Mistletoe and Tumbleweed
March 23, 2019
“I wonder what the green clumps of foliage are on the trees”, Lou asked as we walked along the dry Rio Grande River in early January. We got the answer to that question three months later on a ranger-led hike of Camp Robledo. On that hike we discovered that Camp Robledo is not and never was a camp at all. Rather, it is an ecological plot of land restored to the natural state it was in during a period of time when the Camino Real was the only pathway into the wilds—when Onate brought wagonloads full of Spanish settlers from Mexico into a new territory. Standing there looking over the endless prairie grass and native plants of the time, we thought......”Hmmm, this is what they saw for miles and miles as they traveled.....we could do that!” Realistically, could we? “No, not really”!
What Lou, Pat, Susan, and Bonnie learned from Alex Mares, our ranger, on the 4-hour hike:
Camp Robledo is the only ecological site in the Southwest which is in its native state and looks like it did when the settlers were driving through,
Salt cedar trees, decorative shrubs imported from overseas, have wreaked havoc to the natural habitat salinating the ground and choking out natural undergrowth,
The control of the Rio Grande has been a death knell to the many native poplar trees which relied on the flooding to restore nutrition,
Tumbleweed was imported from Russia as type of winter wheat to hold the soil along the Rio Grande from erosion; it multiplied and multiplied.
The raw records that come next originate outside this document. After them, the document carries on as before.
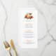 Simple menu with Appetizers, Entrees and Dessert listings. This simple but festive pumpkin and wine themed centerpiece design is perfect for any fall celebration or gathering.
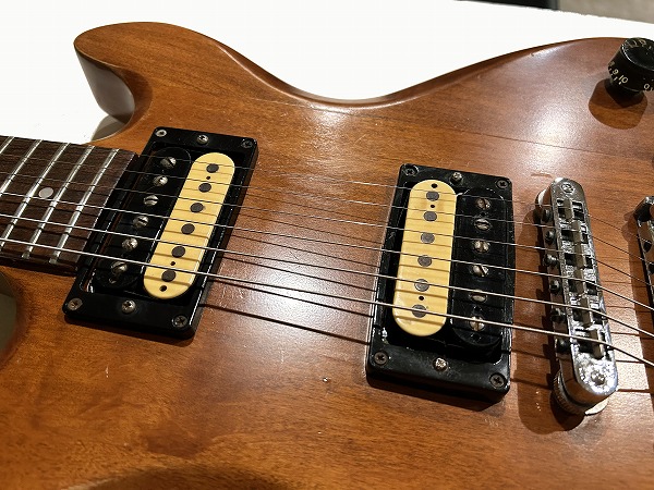 サウンドも素晴らしい1本です。かなり個性的存在のモデルですが、サウンドの方はストレートなグッドサウンドで、メイプル主体ならではのハリと芯のあるサウンド、低音もしっかりとした骨太ながらこもらないサウンド、セットネック仕様のサステインと鳴り良いサウンドに、ローズウッドの瑞々しいタイトさのあるトーンながら、メイプル主体とのマッチングで粘り気もあるトーンが魅力的です。1980年製
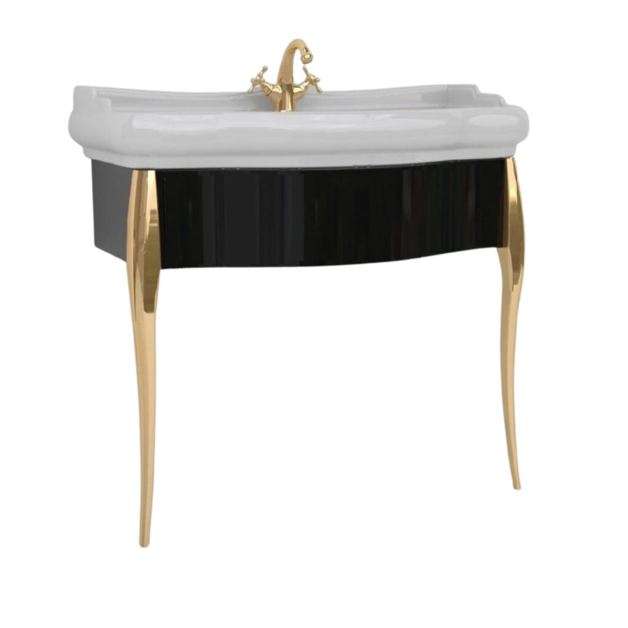 Opis produktu Kerasan Retro konsola pod umywalkę 73 cm z nóżkami czarna/złota 7362K3
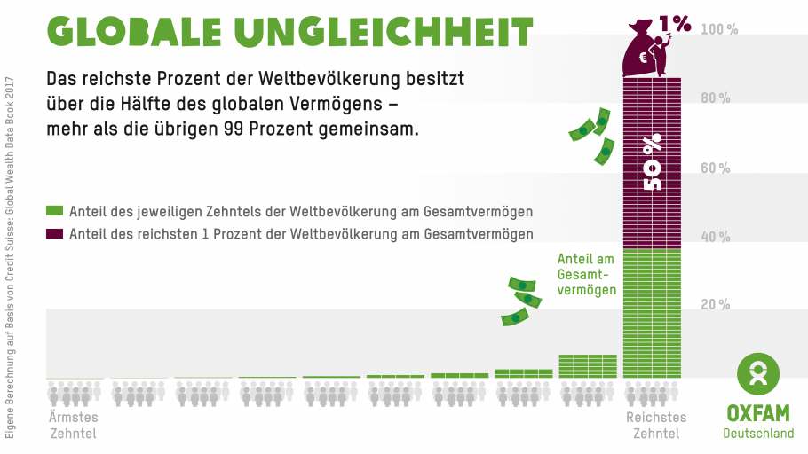 - Die Reichsten 1% der Welt besitzen 44% des gesamten Weltvermögens
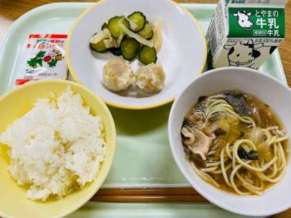 本日の献立は、ごはん、かにシューマイ、大根サラダ、サッポロラーメン、野菜ふりかけ です。

The clumps of green, of which Lou wondered, are a parasitic growth which will only grow on weak trees, and this parasite, the mistletoe, sucks the life out these trees. Mistletoe growing on a tree is a sign that it is dying.
So, you wouldn't think that mistletoe, a winter icon, and tumbleweed, a desert icon, would be together in New Mexico---but they are living side by side.